I've got some code that looks sort of like this, ignoring all the code that isn't relevant to my question:
import qualified Control.Monad.Reader as Reader
data FooEnv = FooEnv { bar :: Int -> Int }
type FooReader = Reader.Reader FooEnv
foo :: Int -> FooReader String
foo i = Reader.liftM show $ bar' i
where
bar' i' = do
bar'' <- Reader.asks bar
return $ bar'' i'
Is there a way to refactor this? Specifically, the nested bar'
function is bothering me most. Can this be condensed to one line?
We can do a little equational reasoning. First let's look at bar'
. I'll write it in this form
asks bar >>= \z -> return (z i)
It turns out that liftM
is defined to be liftM f m = m >>= \a -> return (f a)
which fits the pattern above.
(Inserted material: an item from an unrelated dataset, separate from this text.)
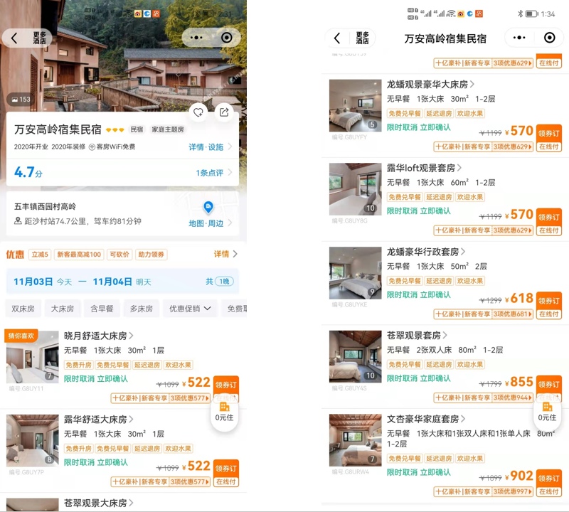 在開始施工的時候,我們是拿騾子拉建材的狀態(tài)。到項目中途不光是我想放棄,我們公司很多的同事都因為壓力太大提出離職。但是我們后來還是堅持住了,真的在銀杏葉黃之前開業(yè)了,而且運營狀況特別好,民宿預(yù)訂率超過95%,可以說是一個成功的案例。

So let's replace it with
liftM ($ i) (asks bar)
Then we have foo
as being
liftM show (liftM ($ i) (asks bar))
Or, written out a bit particularly
liftM show . liftM ($ i) $ asks bar
If we know that liftM
is fmap
we might recognize the Functor
law at play here
fmap show . fmap ($ i) $ asks bar -- equals
fmap (show . ($ i)) $ asks bar
I'm not personally a big fan of using ($ i)
as a function, so let's rewrite it as an explicit lambda
fmap (\f -> show (f i)) (asks bar)
Now, we could decide to eliminate the asks
by using bar
at the call site (i.e. use bar
as a function of type bar :: FooEnv -> Int -> Int
fmap (\f -> show (bar f i)) ask
and as a final trick, we could use flip
to go pointless in the fmap
ped function and even return the use of asks
(thanks Ørjan Johansen)
fmap (show . flip bar i) ask -- or even
show . flip bar i <$> ask -- or even
asks (show . flip bar i)
I'm not saying this is the most readable or wonderful way to perform this task, but you can see how we can just whittle down the pieces using equational reasoning.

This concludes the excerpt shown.